When there is no second recognition result including the same word as the word belonging to the reference category included in the first recognition result, the result determination means includes the first recognition result and the second recognition result. The speech recognition apparatus according to claim 2, wherein the recognition result is determined as the recognition result.

The result determination means determines the first recognition result by the first recognition means as the recognition result when the second recognition result by the second recognition means is not obtained. The speech recognition apparatus according to claim 1.

The result determination means determines the second recognition result by the second recognition means as the recognition result when the first recognition result by the first recognition means is not obtained. The speech recognition apparatus according to claim 1.

The speech recognition apparatus according to claim 1, wherein the plurality of divided dictionaries include different words belonging to the reference category.

If there is no second recognition result including the same word as the word belonging to the reference category included in the first recognition result, information for instructing the speaker to speak again is given to the speaker.

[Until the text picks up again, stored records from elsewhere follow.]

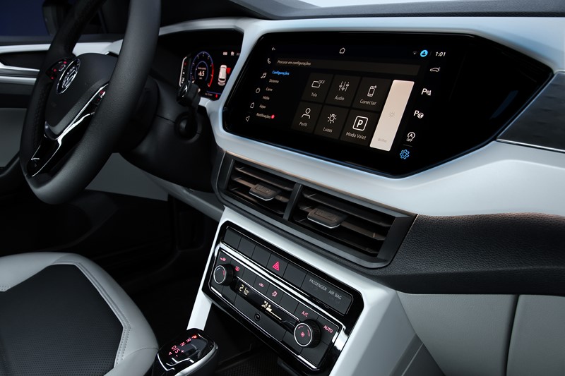 Versão topo de linha, a Highline, que segue sendo a única com o motor 1.4 TSI de 150 cv e 250 Nm de torque, ela agrega itens como moldura cromada nos faróis de neblina, frisos cromados na região inferior dos vidros laterais, “rack” de teto em acabamento “Silver anodized”, bancos revestidos parcialmente em couro, espelho retrovisor interno eletrocrômico, pedaleira esportiva com acabamento em alumínio, sensores de chuva e crepuscular, e sistema start-stop, que desliga e liga o motor automaticamente quando o T-Cross para em semáforo, por exemplo, gerando maior economia de combustível.
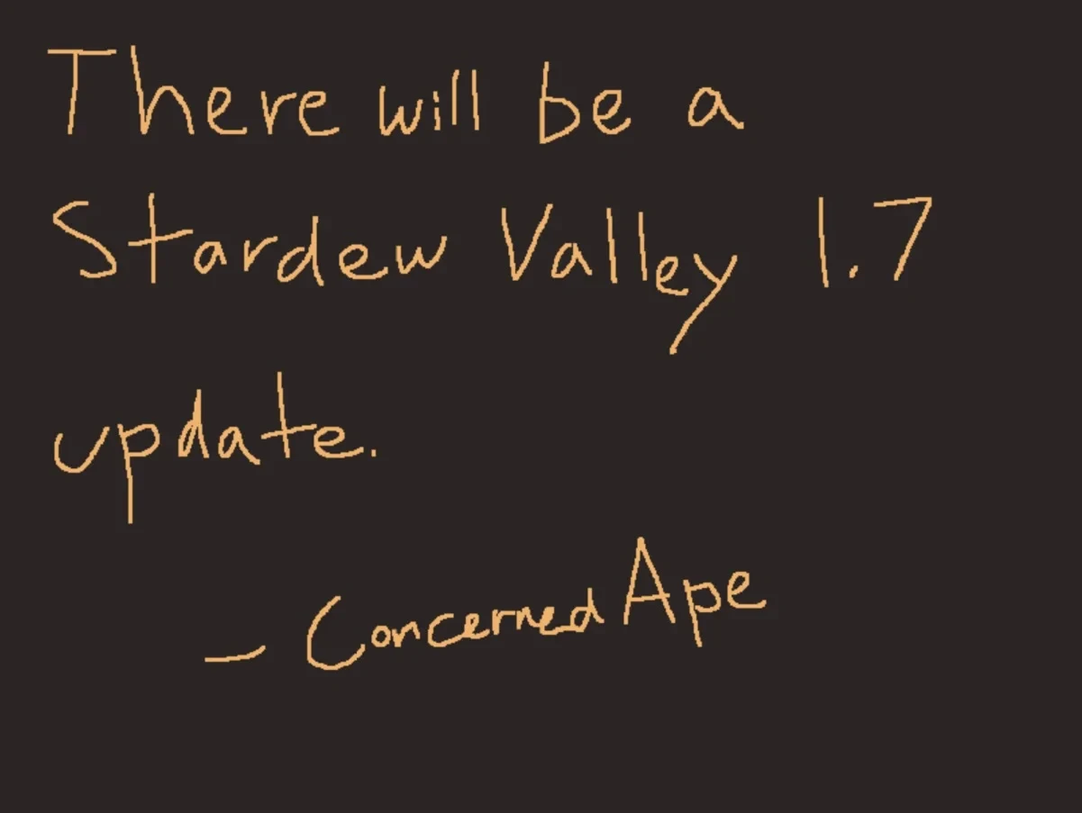 Однако никаких деталей о версии 1.7 нет. Это же касается и окна релиза — даже ориентировочных сроков Барон решил не давать, чтобы не дразнить фанатов и не разочаровывать их в том случае, если обновление придётся отложить. Также «по плану» создание новой версии не должно помешать разработке Haunted Chocolatier — будущей игре Эрика, которую он уже откладывал из-за обновлений Stardew Valley.
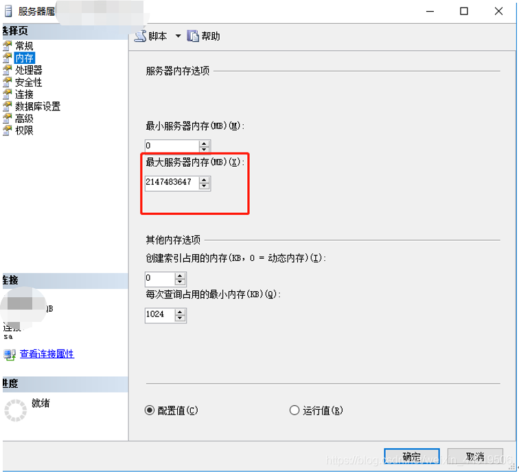 1.内存的配置,这里默认是最大值,若是数据库服务器的话,可以不必调整,以便于数据库能够最大内存的使用
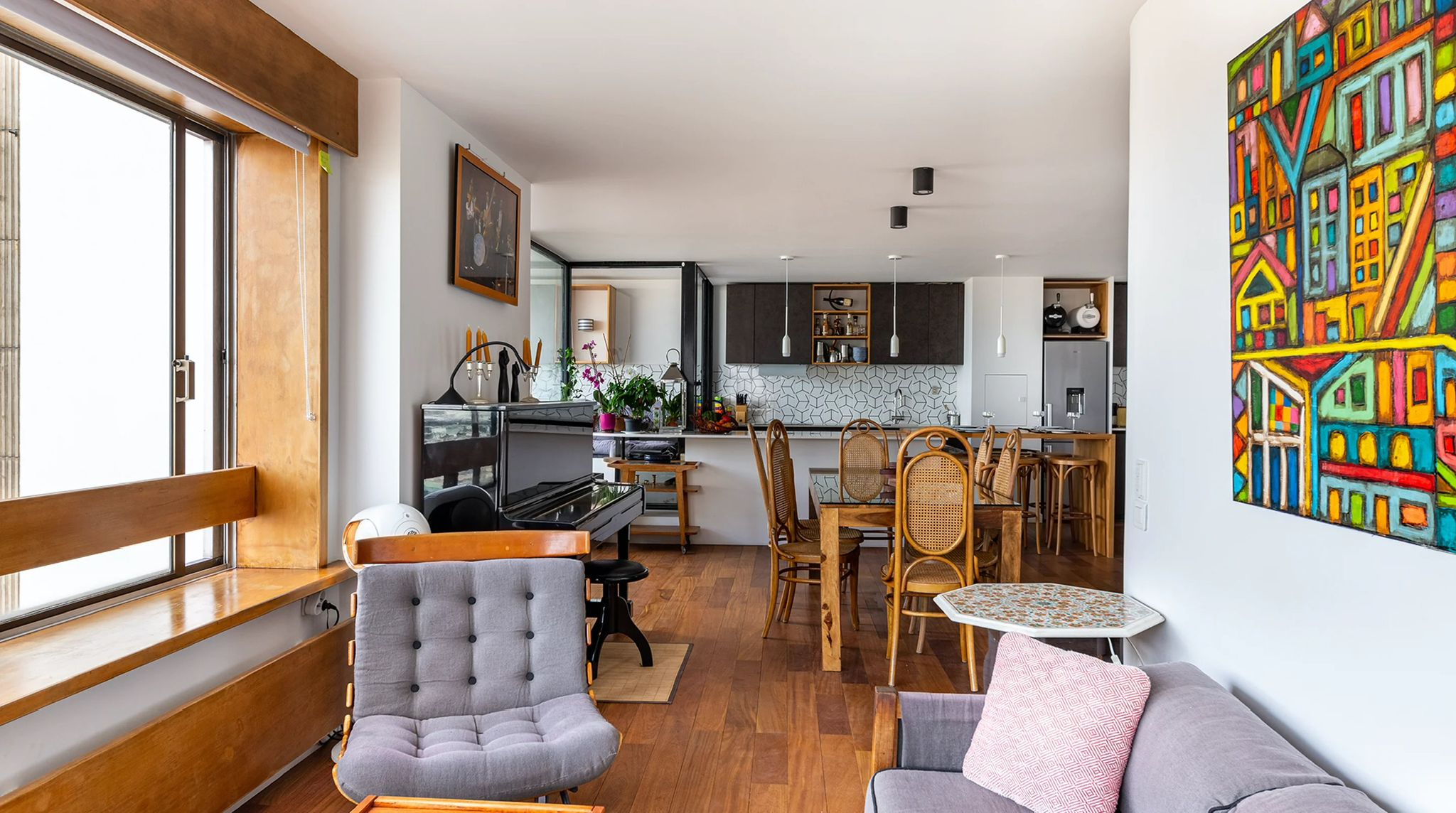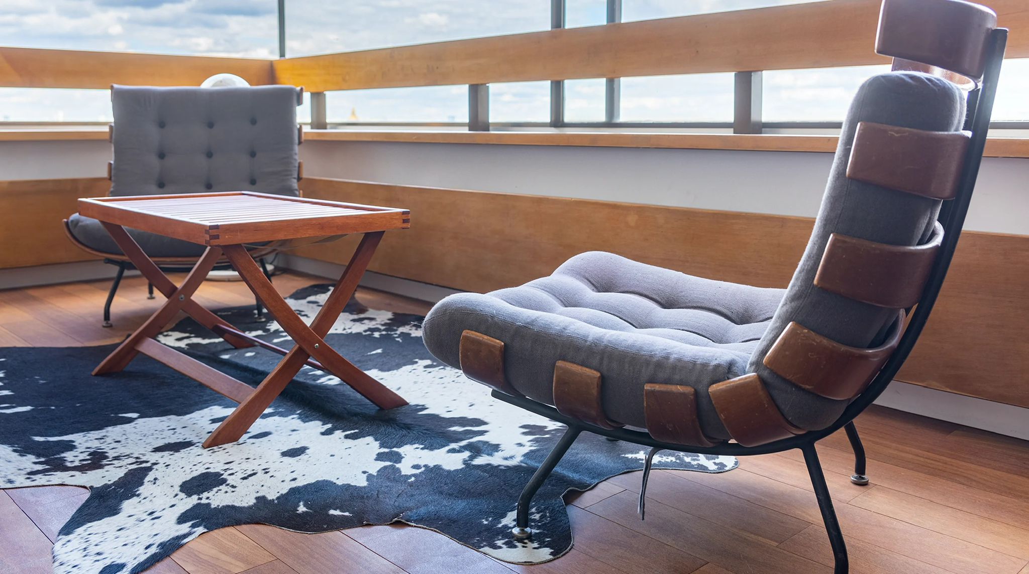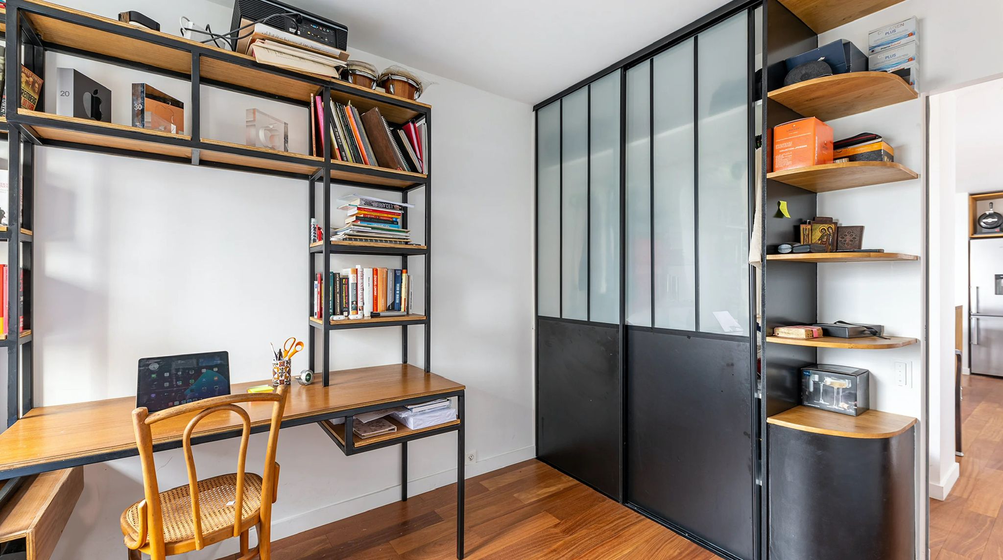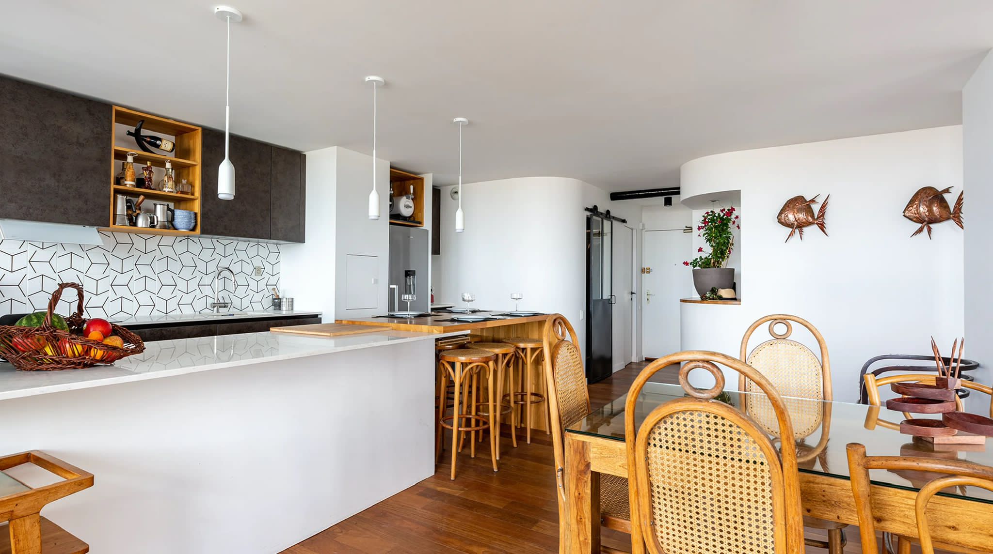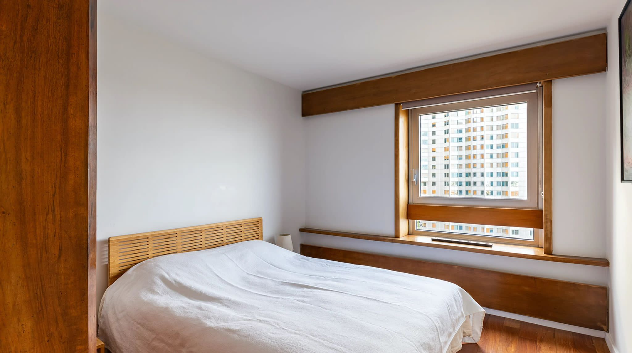 L'appartement n'avait été que très peu touché depuis sa livraison originale. Le propriétaire souhaitait pouvoir organiser de belles réceptions intérieures/extérieures avec une cuisine ouverte sur la pièce de vie, autour du piano et d'une belle sono. La nuit, le salon se transforme en une salle de cinéma privée avec le projecteur dissimulé derrière la cloison de la chambre. Les salles-de-bain ont été intégralement refaites et un dressing a été créé afin de libérer l'espace sans compromettre le rangement. Aujourd'hui, dès le franchissement du seuil, la vue panoramique sur Paris s'ouvre au visiteur. Les courbes de l'appartement l'accompagnent dans sa découverte des espaces jusqu'à la terrasse à présent partie intégrante du cœur de la maison.
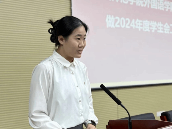 最后,玉溪师范学院外国语学院第十一届学生会干部代表沈玉婷上台发言。发言结束后,学生会秘书长马继彬现场寄语新一届学生会,希望新一届团学干部在党委、团委引领下,坚守服务团结同学宗旨,充分发挥桥梁纽带作用,为同学成长与学院发展注入青春动能。
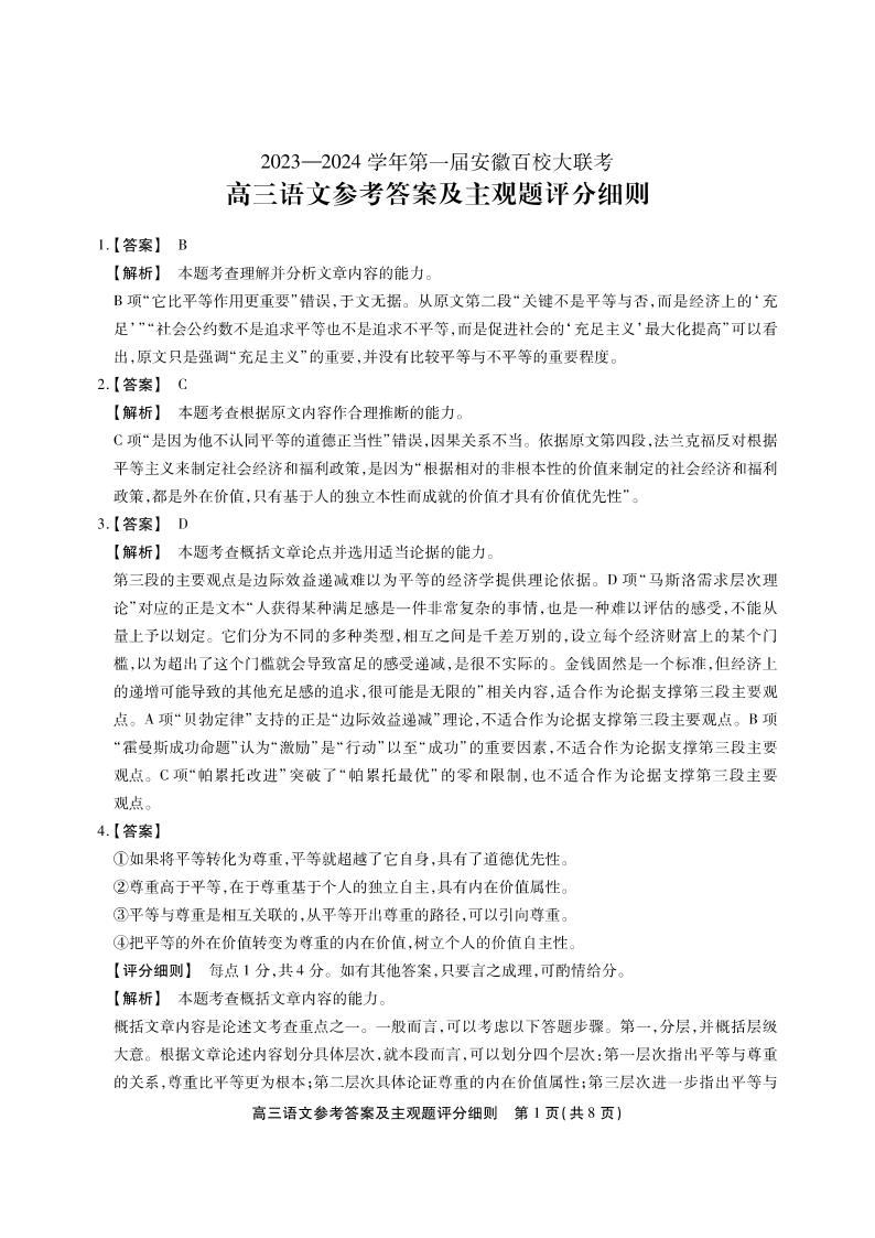 安徽省2023-2024学年高三上学期第一届百校大联考 语文答案
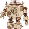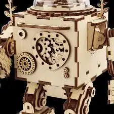 Onze Orpheus is een miniatuur bouwpakket van een statische robot in onvervalste steampunkstijl. Statisch in de zin van dat hij niet kan lopen, maar hij maakt wel muziek en in zijn ‘glazen’ koepel draait een propeller mee als je hem opwindt. Daarnaast geeft hij licht! Dit tezamen met het lieflijke melodietje maakt hem een perfect lampje op een nachtkastje van bijvoorbeeld een kind. De armen en benen kunnen trouwens wel bewogen worden. Daardoor kun je kiezen of je hem wilt laten zitten of wilt laten staan. Lees snel verder over knutselen met hout!
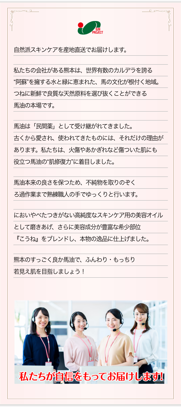 そのために開発されたのが、 こうねオイル入り馬油です。
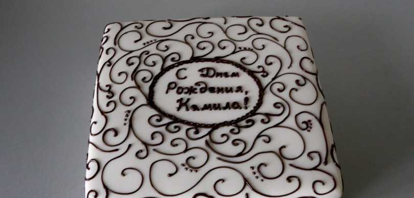 Для плоских поверхностей тортов любой формы и объема можно использовать простую и оригинальную техничку рисования шоколадом или цветным айсингом.
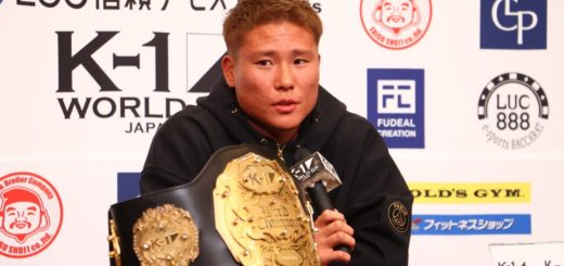 (ベルトを見ながら気持ちを盛り上げている?)元々、福岡から東京に上京して、チャンピオンになりたくて出てきましたけど、前回試合に負けて福岡に帰ることになって。やっぱり格闘技が好き、選手としてチャンピオンになりたい。それを証明するにはやっぱりチャンピオンベルトなんでね。それが世界最高峰のK-1のチャンピオンベルトなら、なおさら燃えるというか、絶対獲ってやろうと思いますね。

The speech recognition apparatus according to any one of claims 2 to 6, further comprising a recurrence instruction means for outputting information to an information output means for outputting information.

A question presenting means for outputting a predetermined question for the speaker to an information output means for outputting information for the speaker;
The speech recognition apparatus according to claim 1, wherein the reference category is a category related to a response to the predetermined question presented by the question presenting unit.

A question presenting means for causing the information output means to output a predetermined question for the speaker;
The speech recognition apparatus according to claim 7, wherein the reference category is a category related to a response to the predetermined question presented by the question presenting unit.

With reference to a notification destination storage unit that stores a notification destination corresponding to each of the plurality of words belonging to the reference category, a word belonging to the reference category included in the recognition result determined by the recognition result determination unit A notification destination specifying means for specifying the corresponding notification destination;
10. The voice according to claim 8, further comprising a notification unit that performs a notification process based on the recognition result for the notification destination specified by the notification destination specifying unit. Recognition device.

A speech recognition program for causing a computer to function as various processing means of the speech recognition apparatus according to claim 1.